Directed by: Amit Sharma
Starring: Arjun Kapoor, Sonakshi Sinha, Manoj Bajpai, Raj Babbar and Deepti Naval
What it’s about:
The film is about a boy from Agra named Pintoo (Arjun Kapoor) who is a self-styled Superman. He is always ready to help anyone in distress, mostly damsels. While on a trip out in Mathura with his friends, he spots Radhika (Sonakshi) being dragged by into a car by Gajender Singh (Manoj Bajpai). His intervention leads to a fight in which he slaps Gajender, not knowing that the man he has hit is the most feared man in the vicinity. Seconds later, there is a rain of bullets on him from Gajender’s men and he is forced to flee with Radhika. He then finds out that Radhika is running away from home, as Gajender is forcing her to marry him. What follows next is a cat-and-mouse chase across Agra and Mathura in the midst of which Pintoo and Radhika fall in love.
It is Amit Sharma’s first film as a feature film director (he’s made some remarkable ad films earlier – the most notable being the Google commercial) and whatever the fate of the film, it looks like the director is here to stay. He gets all the Bollywood notes right. The story is thin but Sharma keeps you absorbed with his stylish treatment and quick narrative. He understands the limitations of the story so he focuses intricately on the entire ambience and characters. Tevar is a classic example of a not-so-novel story told in the most stylish manner. Added to that, the director displays his finesse in all the clap-tracks, which form the crux of the film. From the glossy songs to the larger-than-life introductions to the power-packed dialogues, Sharma plays to the gallery knowing fully well where he’s going to get the ceetees and the taalis. Sharma’s biggest triumph is his casting – even when it comes to the smallest of characters. That itself makes the film look fresh. For Arjun, this is easily a film that could’ve been his launch pad. You would’ve thought that a film like Tevar and a character like Pintoo could’ve been carried off only by a superstar. But Arjun delivers big time. Tevar establishes his star persona like no other film has done before.
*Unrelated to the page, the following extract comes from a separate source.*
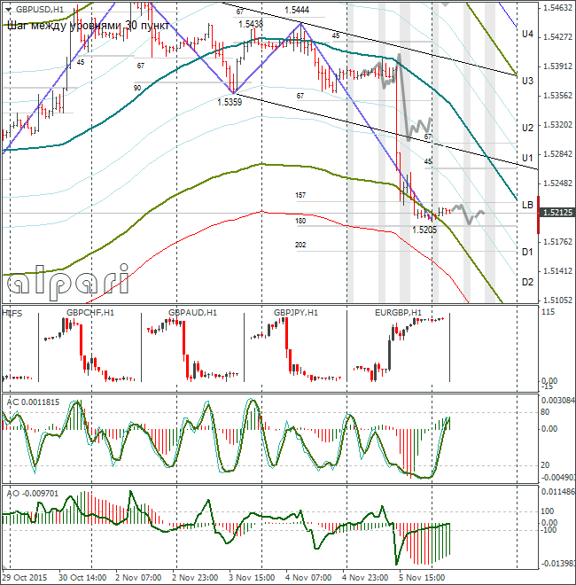 Вот и дошли до 1,52. Падение остановилось на линии D3. И это нормальное отклонение от Lb. Сегодня пейролс, поэтому мой прогноз до 16:30 мск – боковик на уровне 1,5208.

Sonakshi Sinha makes a big impression and gets all her nuances right. The ‘Joganiyaa’ song is a perfect showcase of what the actress is capable of (shot wonderfully by Sharma). Manoj Bajpai is an absolute delight. He is mad (watch him making the most unusual proposal in the history of the world) and menacing (even in boxer shorts) in equal doses. Camerawork by Laxman Utekar is simply stunning and perhaps the best in recent times. The dialogues are perfectly in sync with the mood of the film.
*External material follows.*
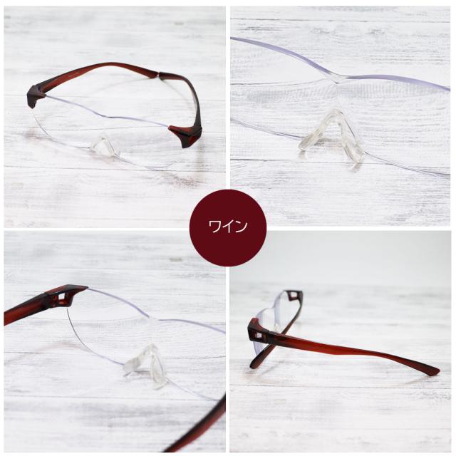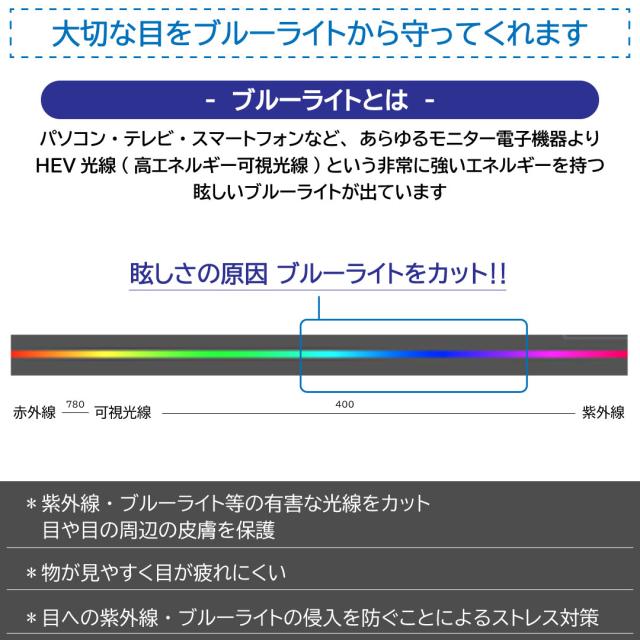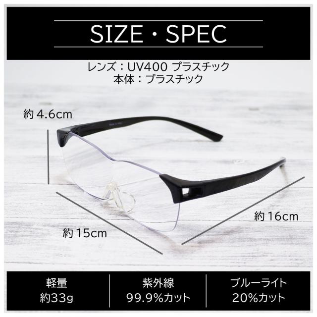 ・紫外線99.9%以上カット。・ブルーライト20%カット。・拡大率1.6倍。・枠なしレンズ。

The problem with Tevar is that it is a remake of a south film from 2003 and the story, at times, not only seems dated but you can predict almost every scene. The film gets too violent after a point. And though Sharma manages to keep the action real in almost the entire film, one wonders why he had to succumb to the ‘cable action’ in the climax that spoils the fun. A more real, more earthy and more effective climax would’ve made a world of difference. The screenplay, at times, challenges your sensibilities and that’s sacrilege coming from a new-age director.
What to do:
Tevar is pure and unapologetic commercial cinema served on a glossy platter. If that’s your cup of tea, this one is a treat.